Несколько минут спустя в комнату вошел Андрейко – невысокого роста, худощавый, с красивым лицом. Весь вид его, даже шрам через щеку (в детстве упал с яблони), свидетельствовал об энергичности лейтенанта, о его динамической натуре. По-военному подтянутый, в ладно сидящей на нем форме, лейтенант, несмотря на свои тридцать лет, выглядел бы юношей, если бы не напряженная сосредоточенность его пристального взгляда.

– Садитесь, – бросил Коваль. – Начнем оперативку.

Лейтенант Андрейко опустился на край стула, стоявшего у стены, пристроил на коленях темно-коричневую ледериновую папку и положил на нее руки.

– Посмотрим, что у нас есть, что известно и на что надо направить усилия, – с этими словами подполковник достал из ящика стола свою пресловутую схему.

– Схема, значит? – тихонько, как бы про себя, произнес Андрейко.

– Именно она, Остап Владимирович, схема, – строго заметил Коваль, услышав этот полушепот.

– Да я ничего, товарищ подполковник, – занял оборону лейтенант. – Я – за. Абсолютно. – Он улыбнулся, забыв, как обычно, о том, что, когда он улыбается, шрам придает его лицу не добродушное, а, наоборот, сердитое выражение. – Я и сам без схемы не могу.

– Докладывайте. Сперва об окружении Василия Гущака. Что выяснили?

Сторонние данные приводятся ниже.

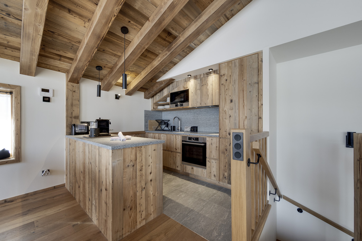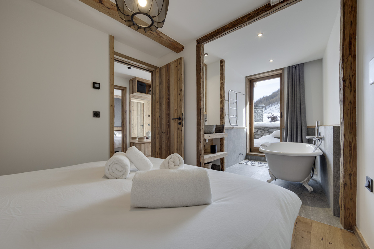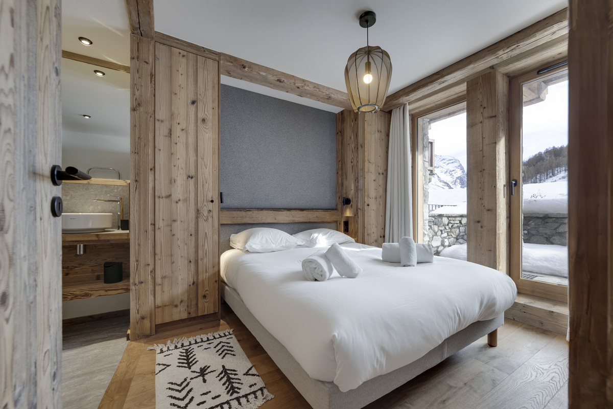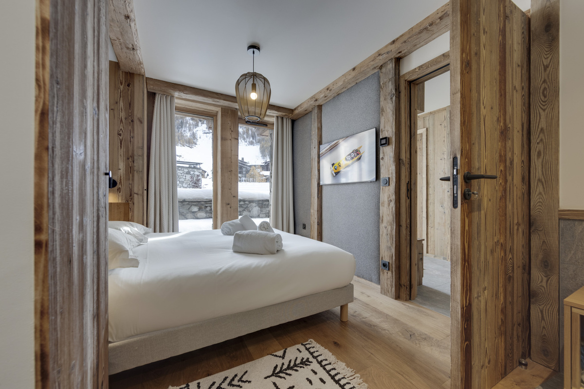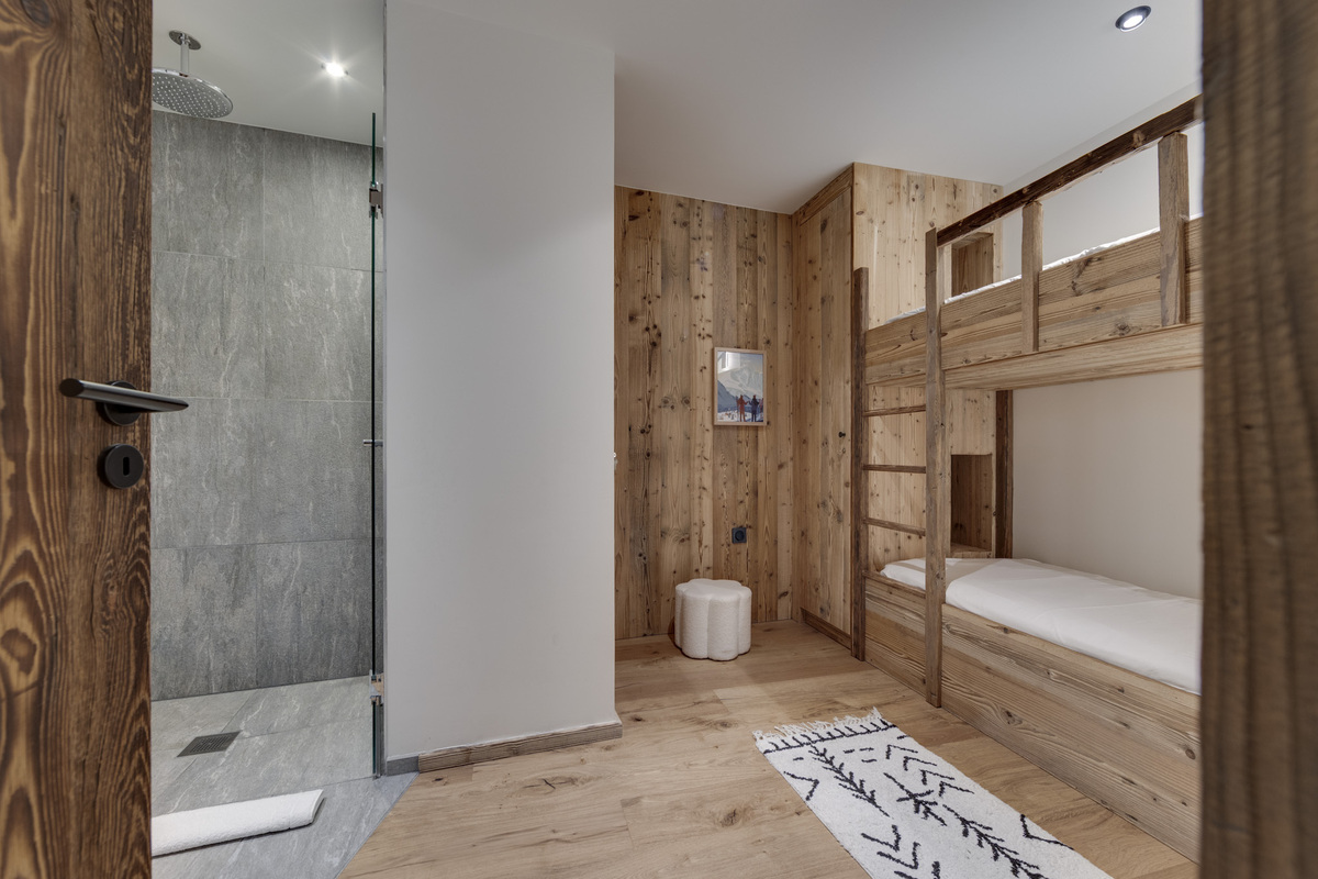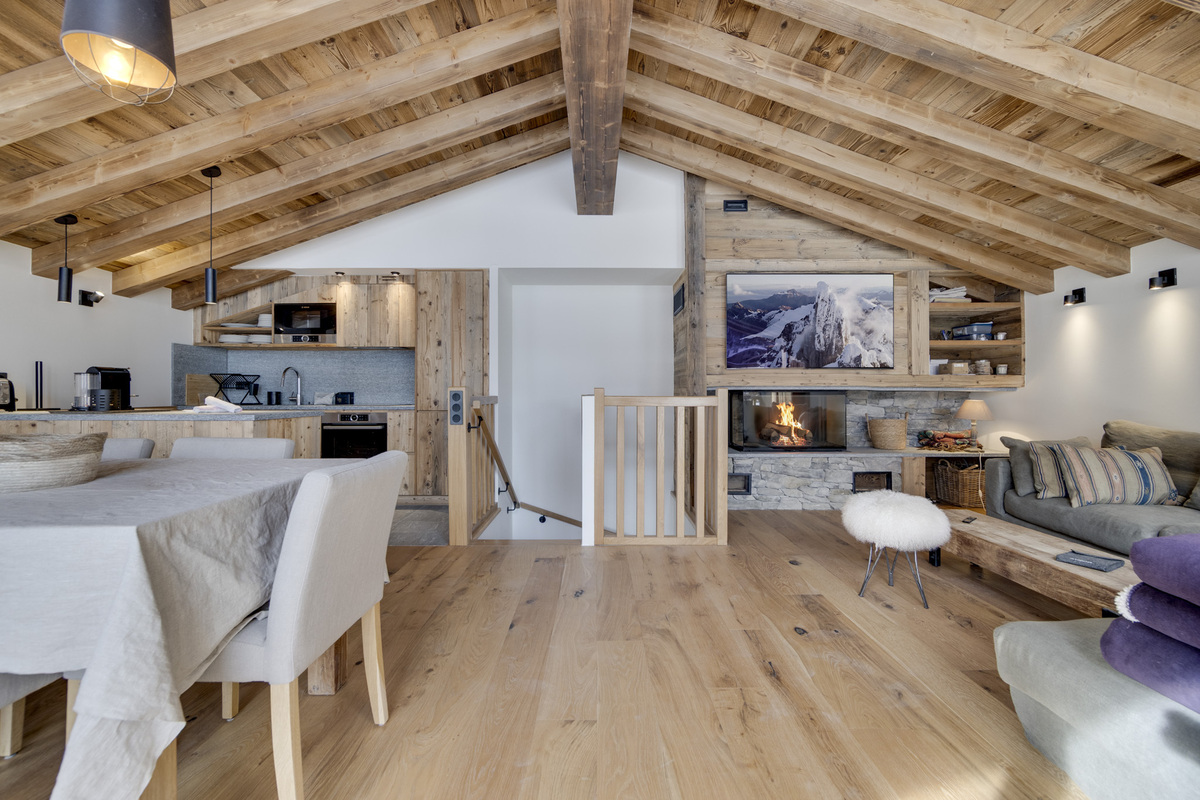 The Apartment chalet Le Petit Joserary is new to our Val d'Isere portfolio of properties for the 2025-26 winter season. This 105 square metre chalet offers two main en-suite guest bedrooms (one with a bath) and also a children's bunk room. The south facing views from the upper floor open plan communal area are stunning and there is plenty of space for 4 - 6 guests.

– Пока ничего особенного. Учится хорошо. Дружит с парнем, который живет на бульваре Шевченко, – тоже студент, комсомолец, живет с матерью, характеристика положительная. У Василия Гущака во время службы в армии были дисциплинарные взыскания. Трижды за опоздание в казарму после увольнения в город. Один раз сидел на гауптвахте за самовольную отлучку, второй – за пререкания с командиром.

– Он такой, – вставил Суббота, – ершистый, колючий.

– В основном неприятности были из-за девушек. Влюбившись, ни с чем не считается.

– То-то и оно, – снова не выдержал Суббота. – Шерше ля фам, как говорят французы, то есть во всем ищи женщину. Нужны были деньги для разгульной жизни. – Следователь не заметил, как при этих его словах Коваль поморщился. – Вполне возможная побудительная причина для преступления.

– Его девушка не производит такого впечатления, Валентин Николаевич, – укоризненно заметил Коваль. – Наоборот.

– Имеете в виду эту… как ее… Лесю? Я не о ней говорю. У него, кроме Леси, наверно, не одна еще была…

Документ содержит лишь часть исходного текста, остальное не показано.